Slash Your ts-jest Test Times With This


Okay, so our CI pipeline was starting to feel like a coffee break extending into lunch – TypeScript tests were the main culprit. After some digging, I stumbled upon a ridiculously simple one-liner for ts-jest that clawed back over 10 minutes for us. Figured I’d share the wealth!

Here’s the little gem:

jest.config.js
module.exports = {
preset: 'ts-jest',
globals: {
'ts-jest': {
isolatedModules: true,
}
},
// ... rest of your config
};

How this works

Basically, isolatedModules: true tells ts-jest to process each TypeScript file as a completely separate unit. It skips the full project-wide type analysis that normally happens. Think of it like a quick, focused compilation for each file in isolation, rather than tsc looking at the whole picture. This is what gives you that massive speed boost, especially noticeable with larger codebases.

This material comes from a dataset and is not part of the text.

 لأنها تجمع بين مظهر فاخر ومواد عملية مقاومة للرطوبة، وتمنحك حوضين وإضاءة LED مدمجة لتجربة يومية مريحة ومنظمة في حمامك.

⚠️ The Crucial Caveat: Don’t Skip Your Type Checks!

This speed-up comes with a big string attached: Jest will no longer be doing type-checking for you.

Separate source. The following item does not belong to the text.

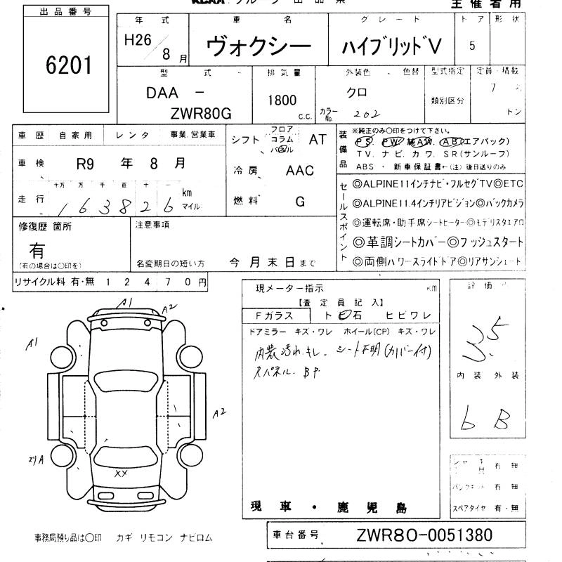 TOYOTA VOXY 2014 г., лот № 6201

Since isolatedModules treats files individually, it can’t catch type errors that depend on understanding your whole project. So, it’s absolutely critical that you have a separate, dedicated step in your CI pipeline to handle type verification (e.g., running tsc --noEmit or vue-tsc --noEmit for Vue projects). If you skip this, you’re essentially flying blind on type safety during your tests, and you will risk introducing type-related bugs into your system.

Pro Tip / Future-Proofing: While tweaking globals works, the ts-jest folks and general TypeScript wisdom now point towards sticking isolatedModules: true right into your tsconfig.json (under compilerOptions).